Why blog?

I am the Clergy Development Advisor for the Diocese of Durham. Previously I was Vicar of St Giles’ Durham and Sherburn and Shadforth for 9 years. This encompassed 3 former pit villages and Gilesgate was amongst the 10% most deprived parishes in England. Before that I was director of the doctoral and masters programme at Cranmer Hall, St John’s College, University of Durham, and taught Practical Theology, Anglicanism, Church History and Spirituality. And before that I spent 5 years in 2 curacies in West Newcastle. And before that… I was a research student and youth worker in Bermondsey in south east London. I have written in the areas of spirituality (Humane Christianity 2004), Anglicanism (A Passionate Balance 2007), biblical spirituality (Looking through Jesus 2017), Practical Theology (cont. to J.Bryan and B Geary Pastoral Challenges and Concerns: A Christian Handbook for Leaders rev. ed. forthcoming), church history (cont to D Brown (ed) Durham Cathedral: History, Fabric, and Culture, 2014) and I am currently working on a book about “Vicaring” for SPCK.

But why am I am blogging?

I am blogging (in a personal capacity) to think out loud about issues of ministry, primarily ordained ministry in the Church of England.
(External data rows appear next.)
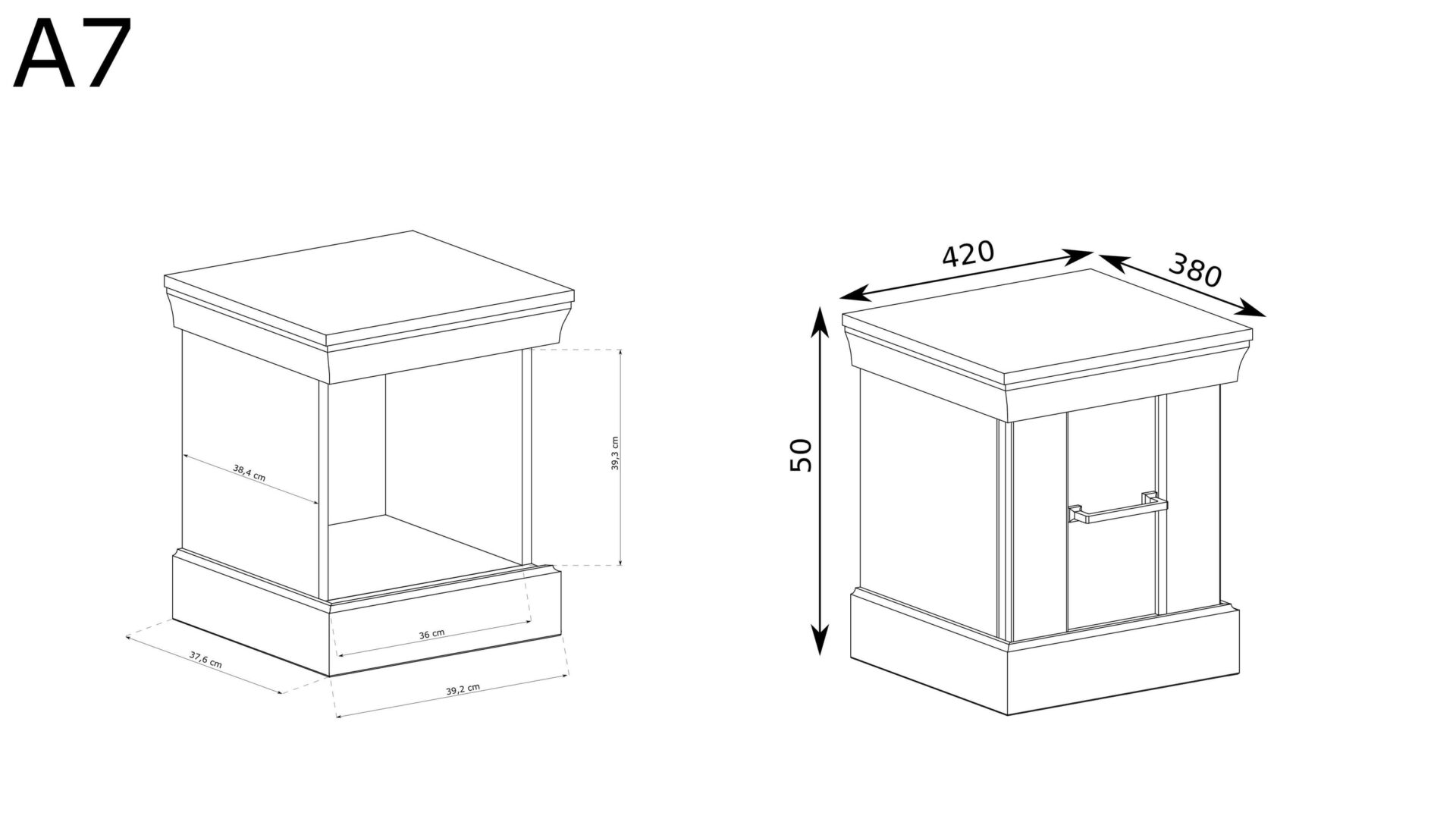 ANTICA-7 – „Kraft Gold“ vienerių durų naktinis staliukas derina praktiškumą ir eleganciją, puikiai papildydamas modernų interjerą. Pagamintas iš aukštos kokybės laminuotos plokštės, ryškios „Kraft Gold“ spalvos, jis yra ne tik funkcionalus, bet ir stilingas bet kurio miegamojo papildymas. Subtili estetika tikrai patrauks akį ir suteiks bet kuriam kambariui rafinuotumo. Šis naktinis staliukas, kurio plotis – 42 cm, aukštis – 50 cm, o gylis – 38,5 cm, buvo sukurtas atsižvelgiant į maksimalų praktiškumą. Dėl didelių matmenų jis puikiai tinka net mažesnėms erdvėms, todėl galite efektyviai išnaudoti erdvę aplink lovą. Tai užtikrina, kad visada turėsite po ranka būtiniausius aksesuarus, tokius kaip stiklinė vandens, žadintuvas ar mėgstama knyga. Akį traukianti metalinė rankena ir švelniai užsidarančios durelės – tai detalės, suteikiančios šiam baldui rafinuotumo. Šis modernus dizainas leidžia naudotis naktiniu staliuku ne tik patogiai, bet ir tyliai bei diskretiškai, sukuriant ramią atmosferą jūsų miegamajame. Kiekvienas atidarymas ir uždarymas tampa malonumu, o ne vargais.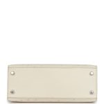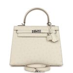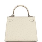 This Kelly, in the Sellier style, is in Beton ostrich with palladium hardware and has tonal stitching, two straps with front toggle closure, clochette with lock and two keys, single rolled handle and removable shoulder strap.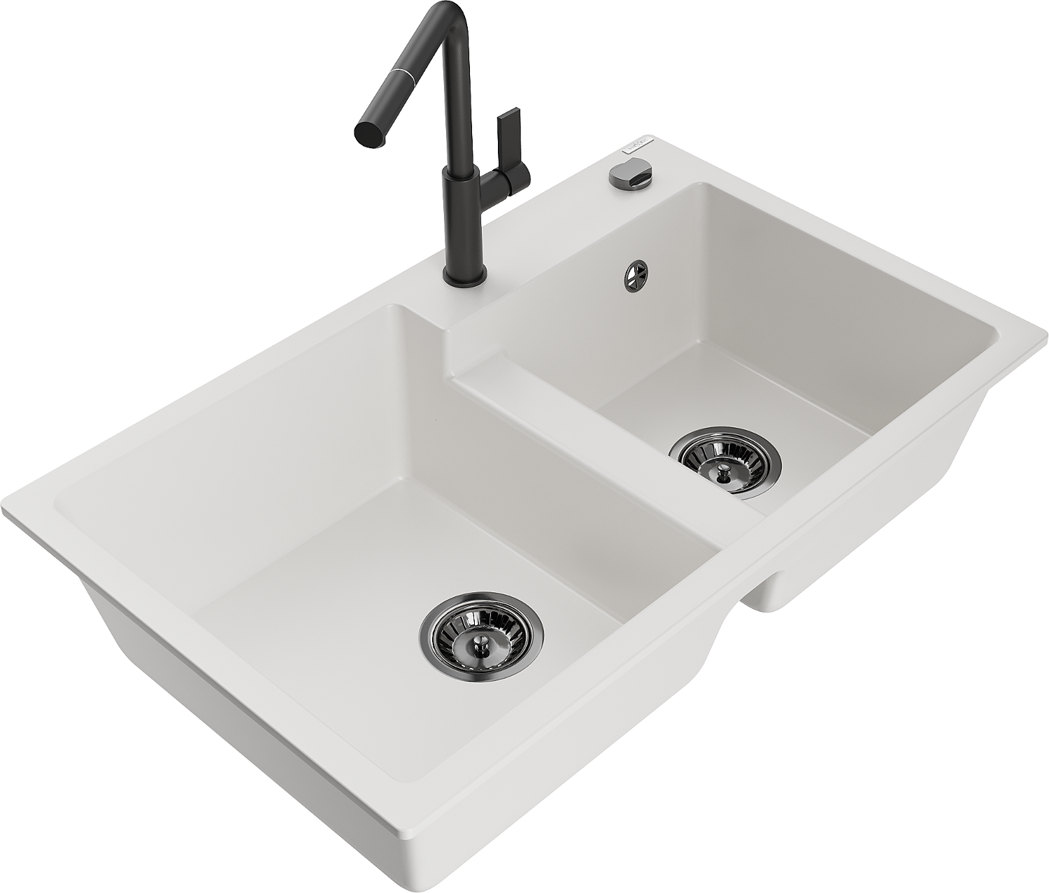 Mexen Tomas гранитна мивка с 2 отделения и кухненски смесител Flora, бял - 6516-20-670401-70-B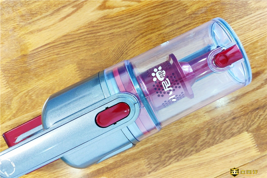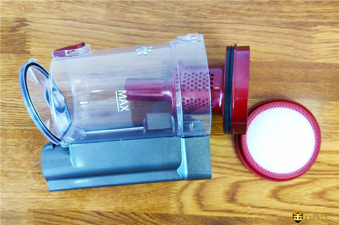 主机前端是尘杯,所有吸入的脏物都收集在尘杯内,尘杯容量1.0L,可以容纳较多的灰尘,加上透明设计,使用时能直观的确认尘杯内是否需要清理;尘杯内红色的是粗过滤网,能过滤掉较大的颗粒物,其内部还有一层可拆卸的细过滤网,能避免灰尘外漏。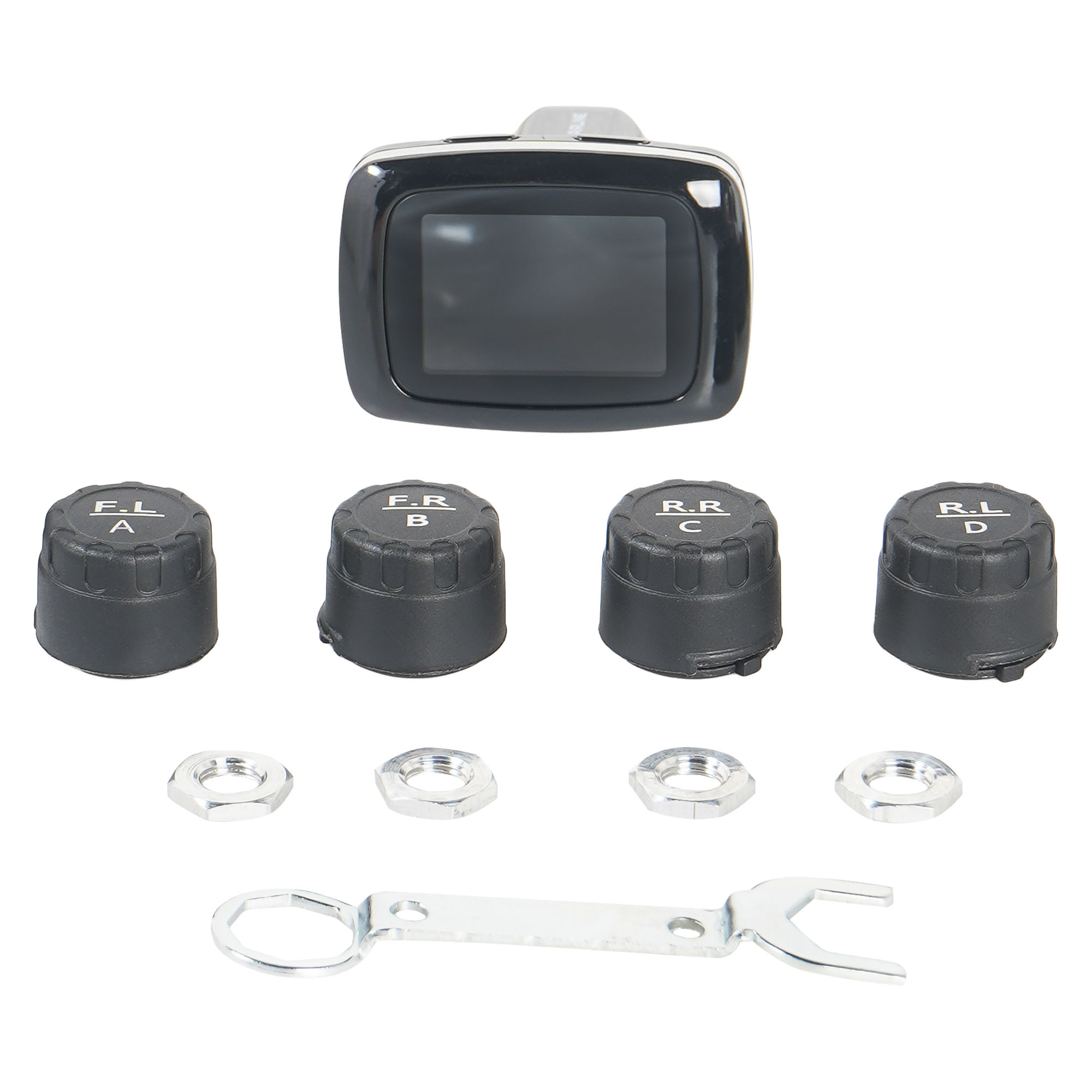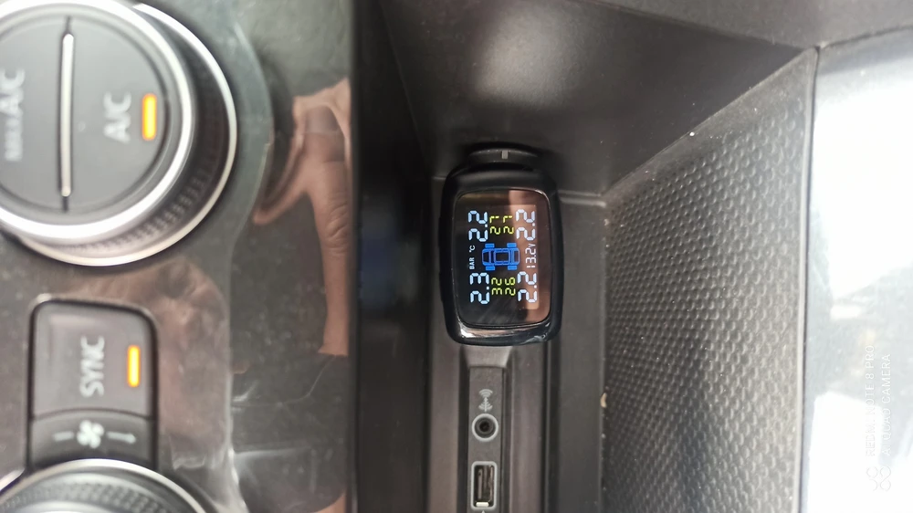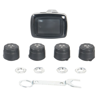 Система контроля давления в шинах (TPMS) представляет из себя комплект из 4 внешних датчиков давления и приёмного модуля с цветным ЖК дисплеем. Датчики монтируются на ниппель колеса автомобиля, измеряют давление и температуру воздуха в шине и передают информацию о значении давления по радиоканалу на дисплей. Приёмный модуль принимает информацию о давлении в шинах и отображает значения давления в шинах на встроенном ЖК индикаторе. Приёмный модуль вставляется в гнездо прикуривателя автомобиля. Датчики давления питаются от встроенных батареек CR1632, по одной штуке в каждом датчике. Заряда батареек хватает до 24 месяцев работы, батарейки можно заменить самостоятельно. При изменении давления в колесе система сигнализирует об этом водителю звуковыми сигналами и отображает информацию на дисплее. Пороговые значения давлений и температуры настраиваются в меню дисплея. На боковой панели приемного модуля есть выход USB 5В/1А для зарядки мобильных телефонов. Комплект может быть установлен самостоятельно.

The Church of England is facing a new challenge.

It has previously faced war, outright opposition, persecution, indifference. It has never been a perfect institution – and would never have thought that it could be! – and has often struggled to rise to the challenge of being the Church of the English people and their state. It is not just in the twenty-first century that parochial coverage has been stretched. It is not even the first time that decoupling from the English state and radical decline has been in the air. Church history can teach us not to panic!

Church history can also help to see when there is a new thing happening.

As we know, we are experiencing a widespread social and political change, which is taking place across much of Western Europe, though not elsewhere, which we call secularization [discuss!]

So the Church of England is having to move from an inherited mode of being, often supported by historic money, where allegedly recruitment happened through routine processes, to a missionary mode, where the Church has to be paid for much more by its current members and where increasing numbers of (younger) people had had little contact with the Church and so we need to be pro-active and imaginative as we share our faith.

This is well-known.

As is the impact all this having on the Church’s ordained ministers (my primary area of concern). Certainly in our part of God’s Kingdom up here in the North East, we experience ageing congregations, money and resource shortages, and being over-stretched as we attempt to pastor more congregations and wider areas. See my recent article in the Sunday Telegraph: “As a vicar, I know better than anyone why so many clergy are close to the edge“.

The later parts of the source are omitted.